В эту же ночь из батареи сбежало шесть бойцов, добровольно вступивших в ряды Красной Армии в последние дни. Когда стали выяснять причину их бегства, выяснилось, что Редькин, кроме произнесенной им речи, в частной беседе с бойцами добавил еще, что командир и комиссар полка, наверное, сейчас же начнут ворошить личные дела каждого бойца, чтобы воздействовать ревтрибуналом, и что теперь многим не поздоровится.
Как потом рассказал Алексею один из бойцов, тоже собиравшийся было бежать и отставший от товарищей лишь из-за приступа аппендицита, люди, не знавшие Редькина, были настолько сбиты с толку, что решили немедленно бежать.

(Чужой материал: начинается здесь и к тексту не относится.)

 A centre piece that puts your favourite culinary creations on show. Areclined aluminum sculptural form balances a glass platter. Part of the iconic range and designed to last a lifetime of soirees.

По этому случаю Михаила вызвали в политотдел. Беседуя с заместителем начальника отдела, он заявил, что «хотел путем революционного воздействия на несознательный и отсталый элемент поднять авторитет дорогих товарищей командира и комиссара».

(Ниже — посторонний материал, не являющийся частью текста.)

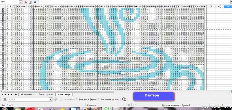 Судя по сетке рисунка высота 13 квадратов по 10 клеток, в ширину 9 квадратов по 10 клеток. Каждая клеточка — клетка в сетке филейки. Я уже на каком то форуме писала, что схемы перевожу в Excel и попутно разбираю ряды вязания. Потом только начинаю вязать, удобно тем, что не надо считать клетки пустые и заполненные. Это образец одного фрагмента, для вязания готовила. Цифры на синем фоне это сколько клеток заполненных, остальное свободная клеточка. Можно сделать схему и распечатать. У меня один рисунок который вязала при таком количестве клеток, получился размер 49*70 см, без влажной обработки. Если нужна помощь, пишите, отвечу.
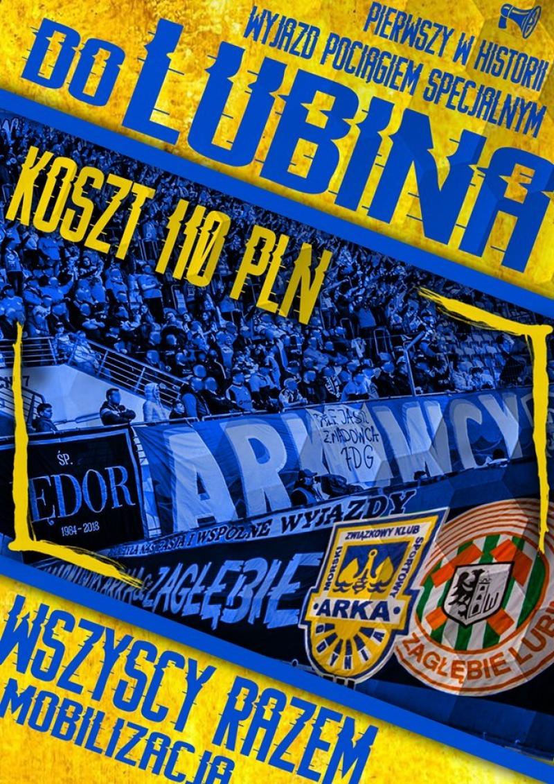 W sobotę 10 sierpnia o 17:30 Arka w ramach 4. kolejki Ekstraklasy rozegra mecz wyjazdowy z Zagłębiem w Lubinie. Miło nam poinformować, że po raz pierwszy w historii w delegację do naszych braci udamy się pociągiem specjalnym!

— Понимаете ли вы, — спросил заместитель начальника отдела, — что такой метод воздействия на бойцов равно силен провокации?

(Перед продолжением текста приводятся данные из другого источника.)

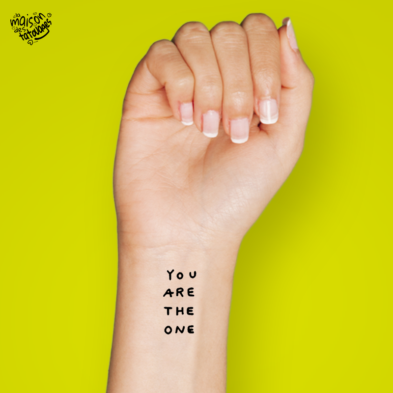 Une déclaration simple, forte et universelle. Ce tatouage typographique minimaliste aligne verticalement les mots "You Are The One", comme un mantra gravé tout en douceur. Idéal pour celles et ceux qui souhaitent rappeler (ou se rappeler) qu’ils comptent, qu’ils sont uniques, choisis, essentiels. Un clin d'œil intime, romantique ou personnel, à garder toujours près du cœur, ou à partager avec the one.
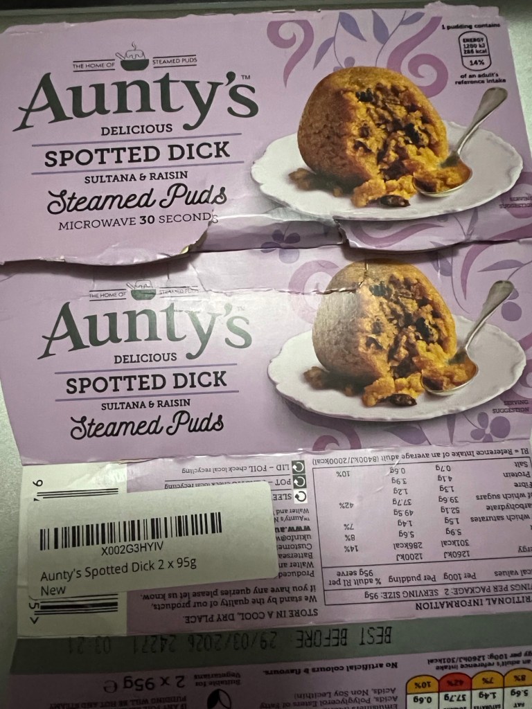 Anyway, I was delighted to find that Aunty has a Spotted Dick (restrain yourselves, please), and I hastened to order just a single two-pack to satisfy my curiosity. When it arrived the very next day, I read the package, which turned out to be an education in itself.
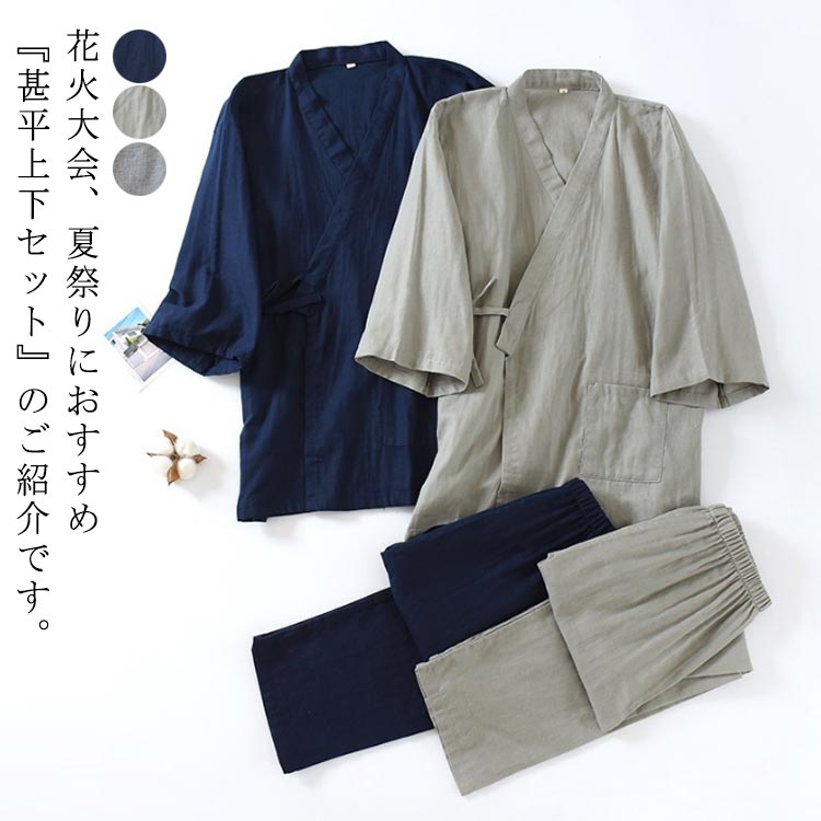 春夏 パジャマ 上下セット 七分袖 長ズボン 甚平 浴衣 メンズ パジャマ 前開き 綿 100 無地 おしゃれ 作務衣 ルームウエア ナイトウエア 薄手 大きいサイズ M L XL グレー ネイビー 紺 吸水 速乾 通気性 敬老の日 プレゼント 実用的 父 祖父

— Прекрасно понимаю, то есть… Что касается провокации, — Михаил запнулся, ему так хотелось запомнить и применить в разговоре это новое, замысловатое слово, что он даже забыл, о чем с ним говорили. — Я как коммунист и большевик…
— Да какой ты, к черту, большевик, — вспылил заместитель начальника политотдела, — провокатор ты, вот кто.
Хватит с тобой болтать. Как только приедет комиссар, будем обсуждать твое персональное дело.
На следующий день перед разбором дела Михаилу дали заполнить анкету. Дойдя до вопроса «К какой партии Вы принадлежите», Редькин написал: «К Российской Коммунистической партии (большевиков)», потом задумался и тут же добавил: «а вот в части провокатора не пойму».
Присутствующий на заседании Маркин попросил Михаила разъяснить, что это значит. Редькин смутился, почесал затылок, но и тут остался верен своей привязанности к непонятным ему словам и начал плести несуразицу.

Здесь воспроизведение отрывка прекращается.